===== Given records

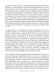 der irakischen Flüchtlinge im Libanon im Jahr 2003 unterzeichnete die libanesische Regierung ein Memorandum of Understanding (MoU) mit dem Hohen Flüchtlingskommissariat der Vereinten Nationen (UNHCR), in der der Libanon erklärte, dass er kein Asylland sei, sondern lediglich ein Transitland für Asylsuchende aus Drittländern. Das MoU verpflichtete das UNHCR, die Flüchtlinge in Zusammenarbeit mit der libanesischen Generaldirektion für Sicherheit zu registrieren und ihnen eine einjährige Aufenthaltsgenehmigung zu erteilen. Als 2011 Tausende von Syrern, die vor Krieg und Verfolgung flohen, in den Libanon kamen, war die Vereinbarung von 2003 nicht aktualisiert worden, und das UNHCR musste im Libanon ohne eine formelle Vereinbarung arbeiten. Ohne einen Mechanismus, der sicherstellt, dass Aufenthaltsgenehmigungen ordnungsgemäß ausgestellt werden, sehen sich die Flüchtlinge häufig mit unlauteren Praktiken der Mitarbeiter der allgemeinen Sicherheitsbehörden konfrontiert, die willkürlich zusätzliche Dokumente oder Gebühren verlangen und teilweise sogar die Ausstellung von Genehmigungen ohne Begründung verweigern (TIMEP 8.12.2022). Im Libanon haben 80 % der Flüchtlinge keine legalen Aufenthaltspapiere. Dies ist eine unmittelbare Folge davon, dass die libanesische Regierung dem UNHCR 2015 untersagt hat, die im Libanon ankommenden Syrer zu registrieren (RBC 5.8.2022). Der Ausbruch der Covid-19- Pandemie im Libanon im Februar 2020 hat die syrische und palästinensische Bevölkerung disproportional getroffen; die Sterberate war vier- bzw. dreimal so hoch wie der nationale Durchschnitt (AA 5.12.2022). Trotz Maßnahmen zur Verbesserung der Arbeitsbedingungen für syrische Flüchtlinge durch Abkommen wie den Libanon Compact haben die COVID-19-Pandemie und die sich verschlechternde wirtschaftliche Lage zu einer Verschlechterung der Bedingungen für Flüchtlinge beigetragen (RBC 5.8.2022). NGOs und UN-Organisationen berichten weiterhin über Fälle sexueller Belästigung und Ausbeutung von Flüchtlingen durch Arbeitgeber und Vermieter, einschließlich der Zahlung von Löhnen unterhalb des Mindestlohns, übermäßig langer Arbeitszeiten, Schuldknechtschaft und des Drucks auf Familien, einer frühen Verheiratung ihrer Töchter zuzustimmen, um die wirtschaftliche Not zu lindern (USDOS 12.4.2022). Im Jahr 2019 gab der Oberste Verteidigungsrat (HDC) den Sicherheitsdiensten Anweisungen zur verstärkten Durchsetzung der Bauvorschriften. Dies führte zur Zerstörung von Tausenden von Flüchtlingsunterkünften. Bis 31.8.2021 waren Berichten zufolge mindestens 115 Flüchtlingsfamilien von den Anweisungen zum Abriss von festen Strukturen in Zentral- und Nord-Bekaa betroffen. Einige Flüchtlingskinder leben und arbeiten auf der Straße. Angesichts des schlechten wirtschaftlichen Umfelds, der eingeschränkten Bewegungsfreiheit und der geringen Möglichkeiten für Erwachsene, ihren Lebensunterhalt zu bestreiten, sind viele syrische Flüchtlingsfamilien darauf angewiesen, dass ihre Kinder Geld für die Familie verdienen, indem sie betteln oder kleine Gegenstände auf der Straße verkaufen. Flüchtlingskinder sind stärker als libanesische Kinder von .BFA Bundesamt für Fremdenwesen und Asyl Seite 48 von 68
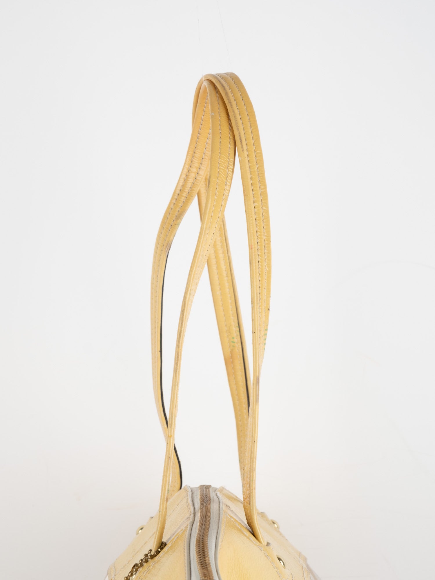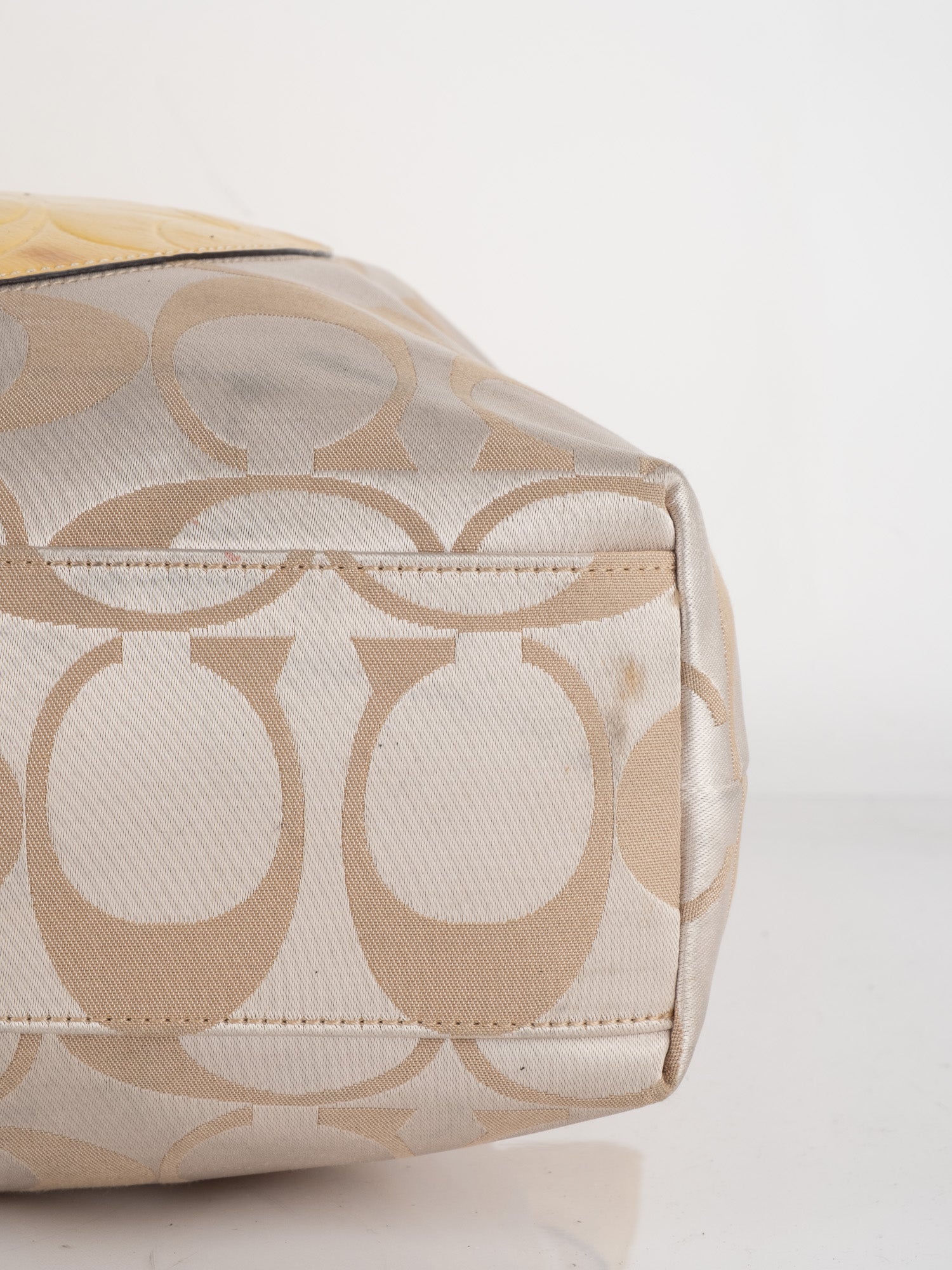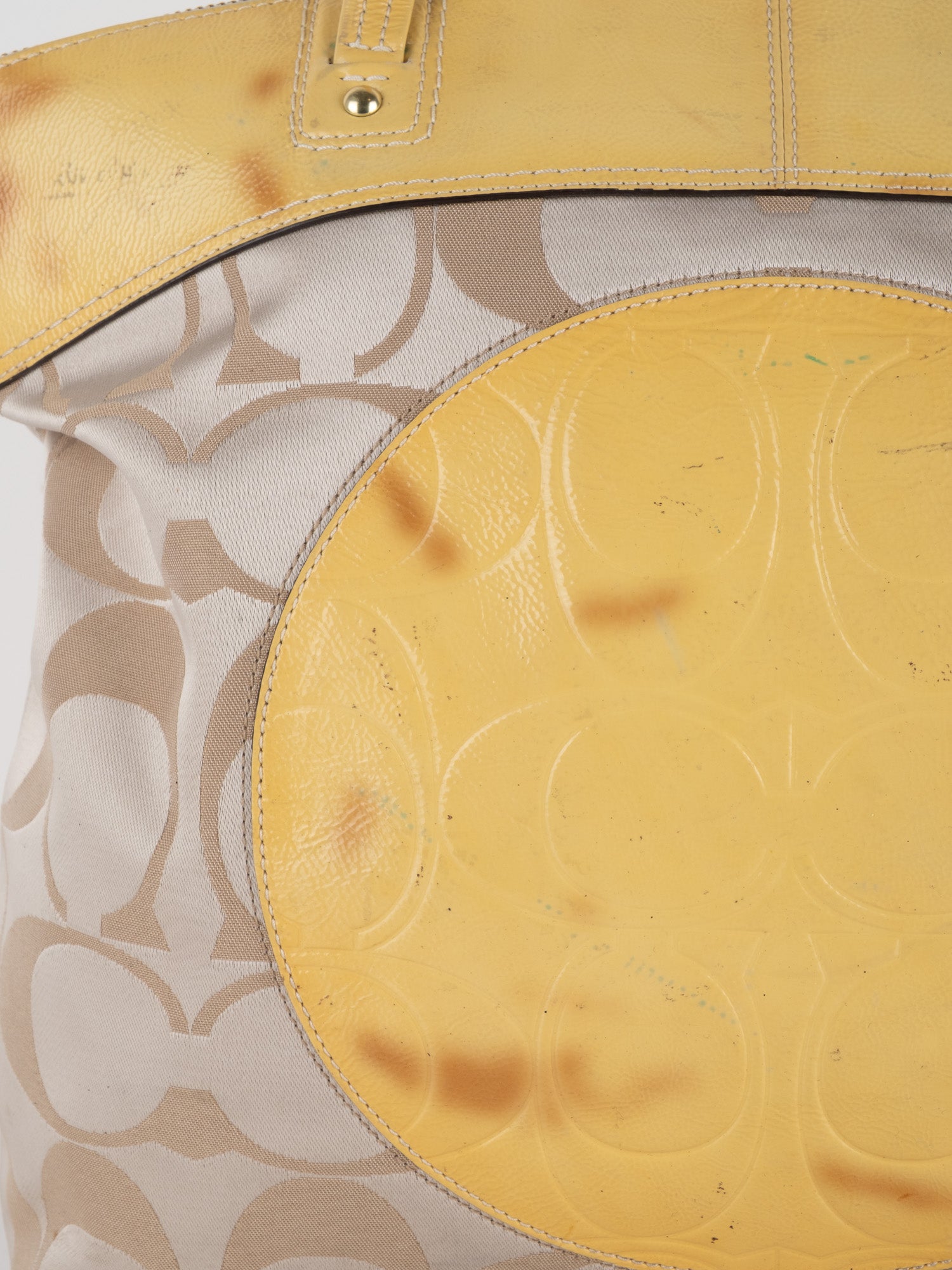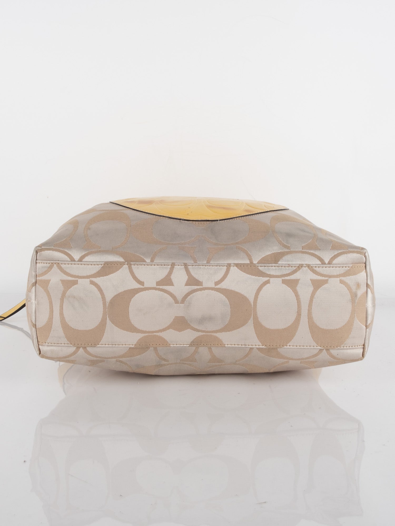 התיק עשוי קנבס איכותי עם הדפס לוגו מונוגרם בגוון בז׳, בשילוב חלקי עור צהוב בחזית ובידיות. סגירת רוכסן עליונה, בטנה פנימית מרופדת ותאים קטנים לארגון מושלם. ידיות נשיאה כפולות נוחות ואבזמי מתכת מוזהבים משלימים את המראה.
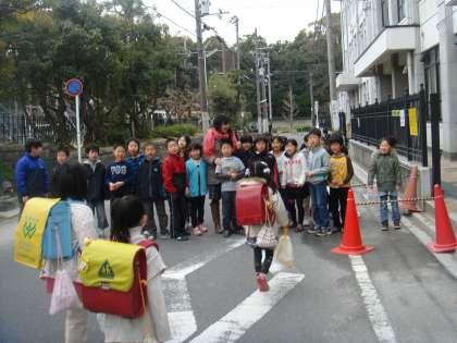 今朝は2年生があいさつ運動をしました。丸太町に面する正門には3組,東門には2組,エントランスホールには1組というように,子どもたちは学級ごとに分かれて立っちました。どこからも,「おはようございます」の元気な声が響きました。校門前を通る人からも思わず笑顔であいさつを返していただきました。
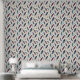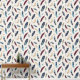 This beautiful, rustic wallpaper has an Aztec style Native American feather pattern in various shades of tan, dark cranberry and blue against a white background.
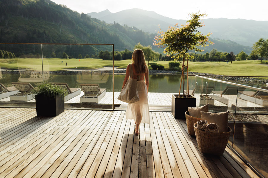 Klare Linien, moderne Gemütlichkeit und ein traumhafter Ausblick auf den hauseigenen Golfplatz und die umliegenden Zillertaler Alpen. Die großzügigen Zimmer und Suiten laden zum Wohlfühlen und Weitblicken ein. Die hochwertige Ausstattung, verbunden mit edlem Design und angenehmen Materialien, schafft das perfekte Urlaubsambiente.
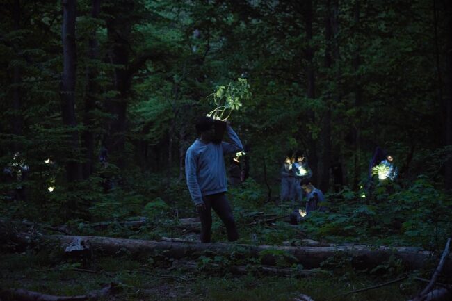 Wie lassen sich kosmisches Umgebungsdenken, Vermutungen und Ahnungen, katalytische Opferrituale und organabhängiges Orakel in die Landschaftsräume einer vergehenden Auenlandschaft transkorporal verpflanzen? Wie können wir uns wieder auf die Wahrnehmungsfähigkeiten von verschiedenen Lebensformen einlassen? Ob die Bäume revoltiert haben werden? Wie lange kann Gaia uns noch tragen? Diese und noch viel fraktalere Fragen könnten einem bei der Begehung und Begegnung mit dem neuen Stück »Oracle and Sacrifice in the Woods« (noch bis 22. Mai 2022 im Rahmen einer Koproduktion mit brut Wien) von Claudia Bosse dämmern. Denn die performative Expedition führt bestimmt in die Dunkelheit.
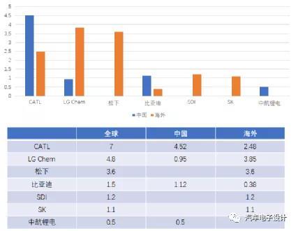 圖1 中國(guó)和國(guó)外的動(dòng)力電池裝機(jī)
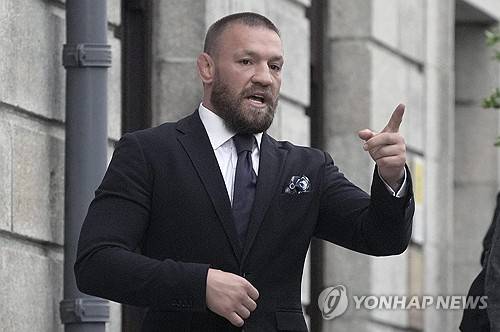 Conor McGregor gestures as he leaves the High Court in Dublin, Ireland Wednesday, Nov. 6, 2024. (Brian Lawless/PA via AP) UNITED KINGDOM OUT; NO SALES; NO ARCHIVE; PHOTOGRAPH MAY NOT BE STORED OR USED FOR MORE THAN 14 DAYS AFTER THE DAY OF TRANSMISSION; MANDATORY CREDIT

==========

# The task
The response should be the lines from the one containing "圖1 中國(guó)和國(guó)外的動(dòng)力電池裝機(jī)" through the final line of the records, reproduced exactly and with every picture left out.

# Answer box
 圖1 中國(guó)和國(guó)外的動(dòng)力電池裝機(jī)
 Conor McGregor gestures as he leaves the High Court in Dublin, Ireland Wednesday, Nov. 6, 2024. (Brian Lawless/PA via AP) UNITED KINGDOM OUT; NO SALES; NO ARCHIVE; PHOTOGRAPH MAY NOT BE STORED OR USED FOR MORE THAN 14 DAYS AFTER THE DAY OF TRANSMISSION; MANDATORY CREDIT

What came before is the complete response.